Nitrogen Cycle for Dummies

     I noticed that the nitrogen cycle is not well understood and respected by new aquarists and I thought to explain it in a more accessible way. Most people who have this hobby are abandoning it because they become frustrated when the fish begin to die. Usually they go and buy new fish. Most of these disasters can be avoided by understanding the nitrogen cycle and closely follow water parameters.
     Fish release ammonia through excrements. Ammonia is released also when excessive food and dead fish are left to decay in the aquarium. That's why is vey important not to feed your fish too much and maintain a high level cleaning in the aquarium. Ammonia is toxic for the fish, when its levels increase greatly is because bacteria called Nitrosomonas have not yet developed. They are the ones that break down ammonia into nitrite (NO2), substances that are less toxic than ammonia.

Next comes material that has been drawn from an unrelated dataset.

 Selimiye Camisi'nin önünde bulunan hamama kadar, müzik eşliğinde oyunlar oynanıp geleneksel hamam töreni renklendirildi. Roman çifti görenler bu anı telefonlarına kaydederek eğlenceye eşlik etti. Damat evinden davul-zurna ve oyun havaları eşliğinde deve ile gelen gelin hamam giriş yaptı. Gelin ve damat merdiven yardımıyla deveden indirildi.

     Nitrosomonas bacteria will adhere to any surface, such as substrate, inside the filter, the filter sponge, etc.. In the first two weeks will notice a decrease of ammonia and nitrite levels will begin to increase. After that nitrite will be decomposed by nitrobacteria to nitrate. Nitrobacteria will adhere on the same type of surfaces like Nitrosomonas. Nitrites can be dangerous for fish if allowed to exceed a certain threshold of safety, usually > 0.3 mg / l. When it is revealed that the level of nitrites is reduced, you can expect to increase the level of nitrates.

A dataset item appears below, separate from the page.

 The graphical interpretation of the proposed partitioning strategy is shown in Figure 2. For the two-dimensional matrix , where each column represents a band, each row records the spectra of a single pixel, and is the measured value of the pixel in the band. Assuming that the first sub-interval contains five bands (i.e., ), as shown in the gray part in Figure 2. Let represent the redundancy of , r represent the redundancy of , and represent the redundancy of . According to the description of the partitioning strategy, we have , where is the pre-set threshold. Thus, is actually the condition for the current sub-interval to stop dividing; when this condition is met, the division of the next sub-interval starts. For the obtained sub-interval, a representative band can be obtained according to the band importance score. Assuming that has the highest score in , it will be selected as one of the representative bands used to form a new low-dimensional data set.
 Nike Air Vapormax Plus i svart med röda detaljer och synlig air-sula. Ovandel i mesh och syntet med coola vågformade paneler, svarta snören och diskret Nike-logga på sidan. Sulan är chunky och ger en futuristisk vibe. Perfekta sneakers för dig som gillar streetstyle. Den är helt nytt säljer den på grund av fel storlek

     In a new aquarium, you can see a slight increase of ammonia and of course of nitrites, when you add a significant number of fish. An aquarium "mature" should not show detectable levels of ammonia and nitrites. If these substances are present in the tank, you should determine the causes and solve the problem as quickly as possible.
     Nitrates (NO3) are not as toxic as nitrites. Most fish tolerate high levels of nitrates if the growth is slow. Fish that are in such an environment will not live very long and will not reach their full potential. Another problem with high levels of nitrates occur when you add new fish in the tank. Usually, pollutants from the water are too numerous for new fish to adapt, and that's why they get sick or die. High level of nitrates is responsible for reducing resistance to disease. Plants use nitrates from the water as food and if there are excessive amounts of nitrates, plants will stor them inside. This will lead to poisoning plants with nitrates. It will be noticed that their leaves no longer grow and eventually the plant will die. As a general rule, a level of nitrates between 25-50 ppm will not harm the fish or slow their growth.

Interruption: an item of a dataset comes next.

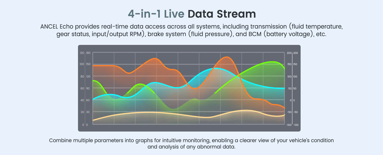 Unlike many diagnostic scanners with limited data streams, ANCEL Echo provides real-time data access across all systems, including transmission (fluid temperature, gear status, input/output RPM), brake system (fluid pressure), and BCM (battery voltage), etc.

     In general, for most people, the easiest way to reduce nitrates is to change the water. Nitrosomonas bacteria and nitrobacteria are aerobic and nitrobacteriile, which means they need oxygen to survive. Nitrosomonas bacteria need oxygen to survive. Their numbers may be affected by lack of oxygen, such as substrate  without oxygen or areas that do not receive enough oxygen because of poor water flow. When you clean the tank, be careful not to clean it too well. Do not clean the filter and substrate in the same time,you could be risking to lose significant portion of the beneficial bacteria. Chlor and chloramines will kill them, as well as hot water, so be careful when you rinse the filters.
     Both Nitrosomonas and nitrobacteria need micro-nutrients that are not found in reverse osmosis water, distilled water or other purified water. Some antibiotics will kill the beneficial bacteria. When water from the tank is treated with antibiotics, check if there is an increase in pollution. Exceeding the safety threshold depends on tolerance and fish species that you have in the tank. Try to start with more resistant species and keep the ammonia and nitrite to the lowest level indicating on the scale that comes with the test kit. In a new aquarium, you should not remove all the ammonia and nitrite because bacteria need food to survive. When you see rapid growth of these levels you should make partial changes of water.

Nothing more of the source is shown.